Definition of Unit Test

In computer programming, unit testing is the procedure used to ensure that software or source code (or part of software or part of code) functions correctly.

Having long been considered a secondary task, unit testing has become a common and even essential practice, now an integral part of the standard development lifecycle.

Unit testing is an essential part of any source code to ensure that the application works as intended in the specification, despite any changes to the source code. In addition, good software development practices such as Test Driven Development (TDD) and DevOps rely heavily on unit testing.

The role and criteria of unit testing

Unit tests are developed to compare the final version delivered with the specification normally provided in the early phases of an IT project. They are used to determine whether or not a verification has been successful. A test can therefore be understood as a criterion for validating the expectations of a programme or computer code.

Mike Cohn, one of the main contributors to the Agile Scrum methodology, places unit tests at the base of his Test Pyramid (in which the next levels correspond to service and interface tests).

Among other things, unit testing makes it possible to

Quickly identify errors:

  • Several methods (including the eXtreme Programming method) recommend writing tests at the same time as, or even before, the function to be tested, to facilitate debugging.

Facilitate maintenance:

  • After a code modification, tests can be used to quickly identify any regressions (failed tests).

Complete code documentation:

  • Tests can often be used to highlight the use of a function. In this way, they can be used to supplement feature documentation.

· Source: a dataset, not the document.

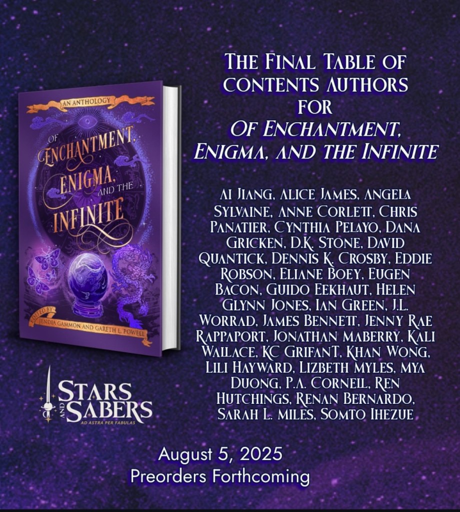 If horror isn’t your thing but you still want to support great storytelling, good news: pre-orders are now open for Of Enchantment, Enigma, and the Infinite. This magical-themed anthology is filled with spellbinding tales, including “Beneath scorching sand, above metal sun,” my story about a desperate railroad worker in the Weird West who turns to forbidden sorcery to save his friend. It’s a gritty surreal story about loyalty, sacrifice and the costs of power.
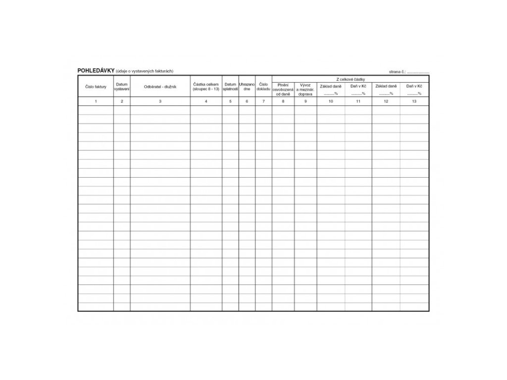 Kniha pohledávek vystavených faktur slouží k evidenci všech vystavených faktur a souvisejících pohledávek. Obsahuje 40 oboustranných stran ve vazbě V1, vyrobených z recyklovaného hlazeného papíru. Vnitřní stránky jsou tištěny černou barvou pro dobrou přehlednost.

A number of criteria must be met in order to properly define a unit test:

  • Unit: Unit testing focuses on the smallest identifiable element of an application (referred to as a unit). However, several elements or lines of code can be used to define a unit, which can then be a function, a class method, a module, an object, etc. This is why unit tests are called low-level tests (as opposed to high-level tests, which check the validity of one or more more more complex functionalities).
  • White-box testing: The test must be carried out in a white box to reflect the fact that the quality engineer often in charge of the test or the developer himself must have knowledge of the part of the code (of the unit) to be tested.
  • Isolation: The tests must be carried out in isolation, because each unit tested must be independent of the other tests. The suite of unit tests must be able to be run in any order without affecting the results of the following or previous tests.
  • Speed: the various tests must be able to run quickly, so that they can be launched whenever the source code is modified.
  • Idempotence: idempotence means that an operation has the same effect each time it is applied. The test must therefore be independent of the environment or the number of times it is run.
  • Automated: The unit test must be able to produce a direct result in terms of success or failure and not require manual intervention by the developer to conclude.

To sum up, we can say that the real value of testing is appreciated when major changes are made to the source code of an application or system. Testing then helps to ensure that the expected behaviour is maintained. Unit testing therefore helps to reduce the level of uncertainty.

While testing methodologies and frameworks are now well established in software development, how and where does unit testing fit in with data science?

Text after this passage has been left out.